In the '50s and '60s, Day starred in a string of romantic comedies, but frequently played an independent working woman. In 1959's Pillow Talk, she played an independent interior designer opposite Rock Hudson. In Love Come Back, she worked in the advertising world. In Touch of Mink, with Cary Grant, she played a career woman.
"I didn't feel different in any of them," she says, "even though they were different. I loved being married, and I loved not being married but working on it. And doing what I was supposed to do and be. That's the way I worked."
Working With Animals
Day stopped making movies in 1968, in part because she wanted a quieter lifestyle than what was available in Los Angeles.
"I came out to Carmel and it was so nice, and I have so many doggies," she says. "And I thought that this would really be nice."
In 1971, Day co-founded Actors and Others for Animals, and began to take an active role in animal rescue work with the SPCA. She placed dozens of rescue dogs in people's homes and rescued many on her own. At one point, she had 30 dogs living in her house.
"It was another area of the house," she says. "There was a lovely outside place to eat, and it was so pretty and lovely with the fountain and everything. And on the other side of that was where I had the dogs. And they had a big area to run and they had a huge area to play. They were just fabulous and I kept them all."
Day currently has six dogs and four cats.
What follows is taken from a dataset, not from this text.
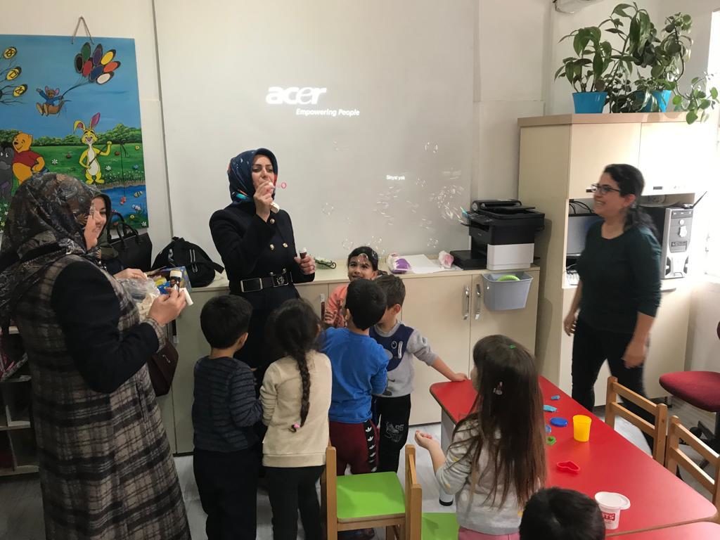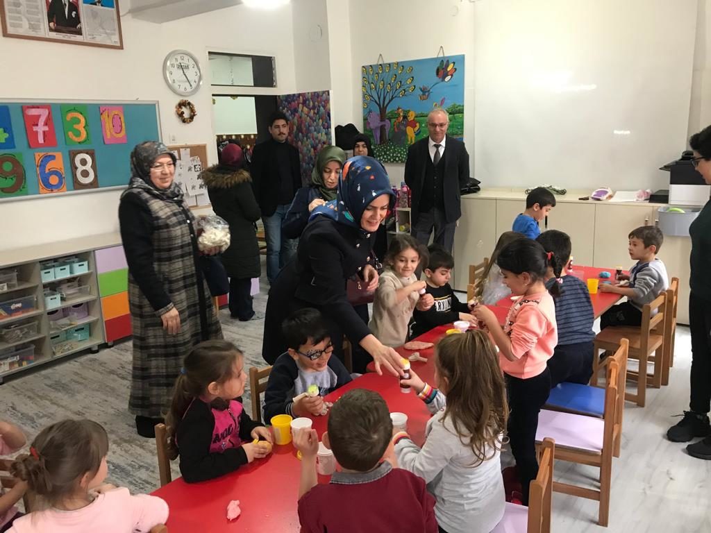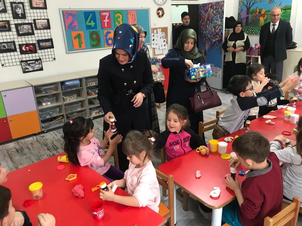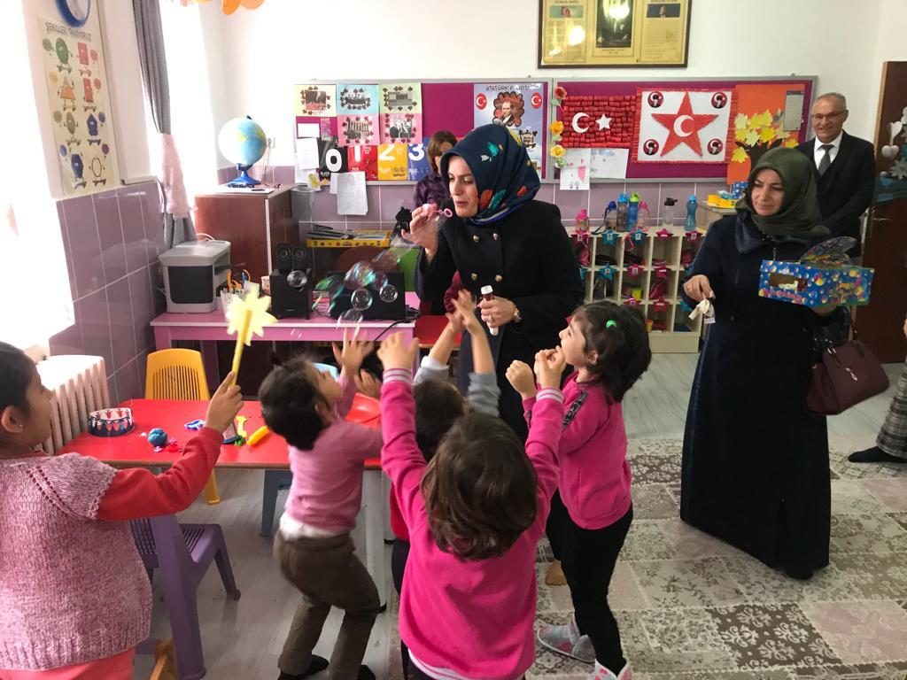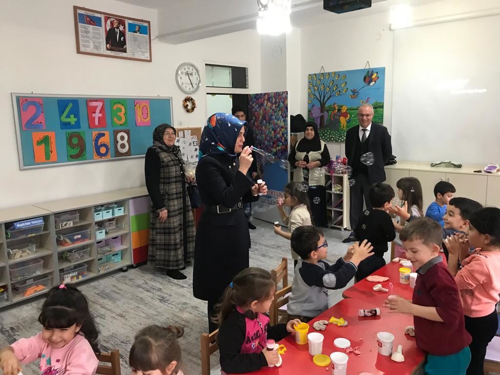 Burada okul idarecileri ile bir süre görüştükten sonra ana sınıfı ve İlkokul şubelerini gezen Melek Arı, öğrencilerle bir süre vakit geçirdi.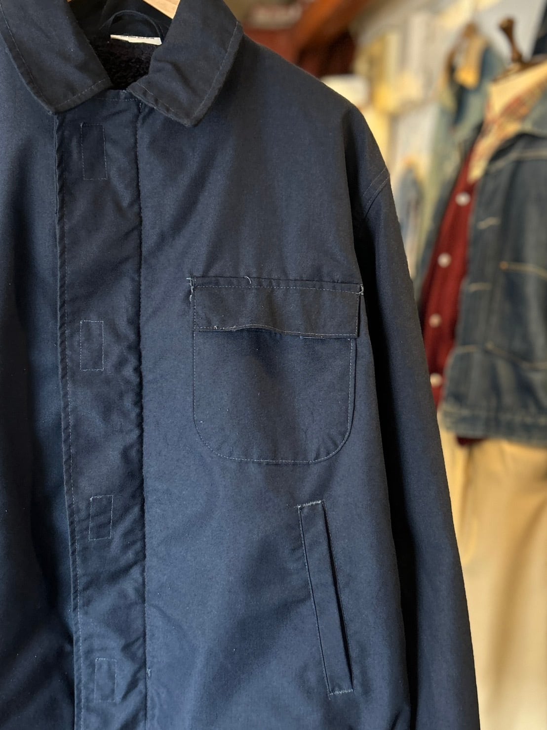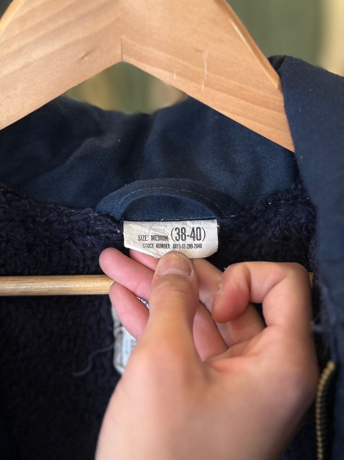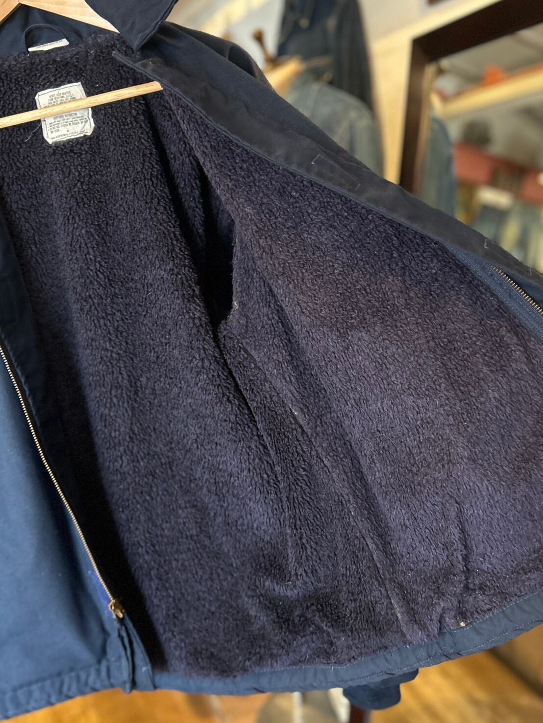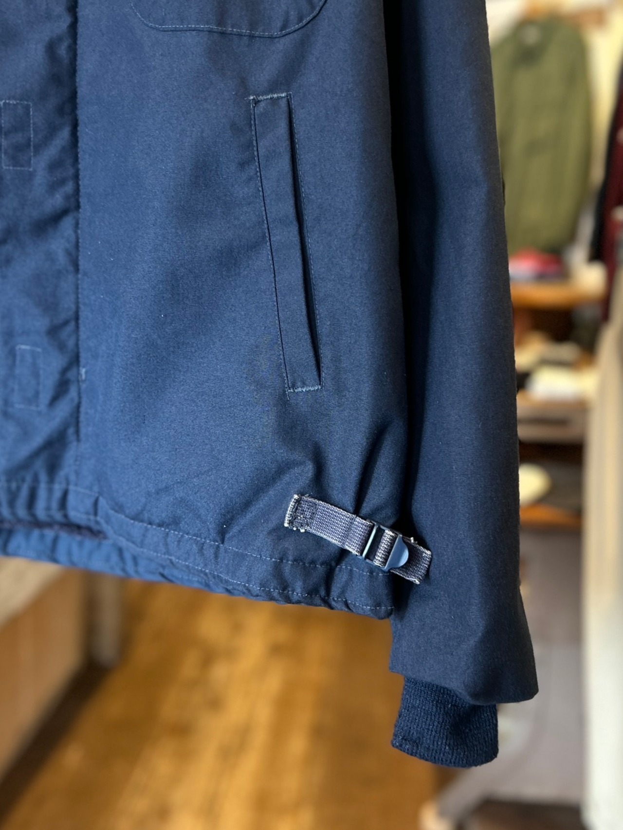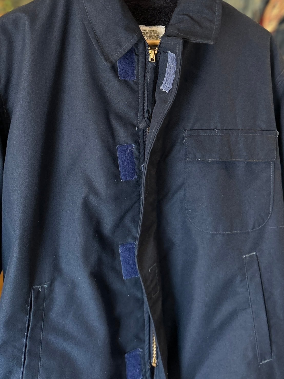 難燃素材のボディとネイビーカラー、マジックテープ仕様の前立てがA-2との大きな違い

"If I come across a doggie who needs a home, that's when I take them," she says. "They're in a special area — an outdoor area — but the ceiling is all glass and they look up there and see the trees. They have two big rooms inside and then one outside. They just love it."
On Singing 'Que Sera Sera' In The Man Who Knew Too Much
"The first time somebody told me it was going to be in that movie, I thought, 'Why?' I didn't think there was a place to put that song. ... I thought, 'I'm not crazy about that. Where are they going to put it? For what?' ... I didn't think it was a good song."
On The Popularity Of 'Que Sera Sera'
"I thought that was wonderful, because it became that because of children. And then I understood it. Because it was for our child in the movie. Then I realized, maybe it isn't a favorite song of mine, but people loved it. And kids loved it. And it was perfect for the film. So I can't say that it's a favorite song of mine, but, boy, it sure did something."
On What She Likes To Sing
"I like to sing love songs. I like to sing others, too. There's so many that I love. I love them and I love singing them."